For Lungisile Mabude, owner and contracts manager of Old Town Investments and winner of this year's National Construction Industry Development Board (CIDB) Awards for Women in Business, holidays, high heels and power suits are a no-no.

"When I get up, I don't think about wearing anything but my safety boots because I know I will be on site," says this Umlazi based businesswoman who climbs into her 4 x 4 every morning and heads out to the areas in Umlazi where her company is working.

Mabunde attributes her achievements - and the award which came with a R30 000 cheque and a trophy - to the Mentorship Programme that was put in place by the eThekwini Municipality to ensure that small contractors working on its R1,6 billion AC (Asbestos Cement) Pipeline Replacement Project between
2008 and 2010 grew and developed sustainable, viable businesses.

Monitored according to industry norms developed by the CIDB, the Mentorship Programme provided training on all aspects of business. Contractors involved applied to the CIDB for an upgrade once defined standards were reached. Three of the programme's participants were recognized during this year's CIDB Awards.

Mabunde said the mentorship programme had taken her from being a despondent teacher who could no longer bear the poor marks and bad attitudes of her Grade 12 learners to the head of a growing contracting company.

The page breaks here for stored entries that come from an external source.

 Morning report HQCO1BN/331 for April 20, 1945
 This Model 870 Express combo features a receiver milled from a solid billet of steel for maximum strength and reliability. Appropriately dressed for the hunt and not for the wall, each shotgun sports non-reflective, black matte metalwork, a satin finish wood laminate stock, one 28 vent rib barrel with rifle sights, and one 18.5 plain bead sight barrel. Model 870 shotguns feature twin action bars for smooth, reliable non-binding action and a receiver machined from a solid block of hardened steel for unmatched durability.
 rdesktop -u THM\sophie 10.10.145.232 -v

"I can't describe how wonderful winning this award makes me feel. I was over the moon as all my hard work had been recognized," she said shortly after receiving her award from then National Minister of Public Works, Gwen Mahlangu Nkabinde, at the SAX Arena in Centurion, Pretoria on August 31.

120 nominated businesses across all nine provinces were scrutinized by members of the CIDB and industry stakeholders. Companies had to be +51% women owned with CIDB registration. Company leaders were interviewed on various aspects including leadership vision, profitability, financial management and business growth and development.

Mabunde bought the shelf company Old Town Investments in 2001 and started activelyoperating in 2005. Graded CIDB 1CE/PEshe concentrated on small maintenance contracts for the eThekwini municipality. Having won tenders, she employed qualified artisans to complete the projects. "Gradually, as I gained experience, the municipality gave me more plumbing work. eThekwini Water and Sanitation (EWS) requires contractors to employ qualified people with the correct paper work. Where people did not have the right paper work, I made sure they did their trade tests and were certified."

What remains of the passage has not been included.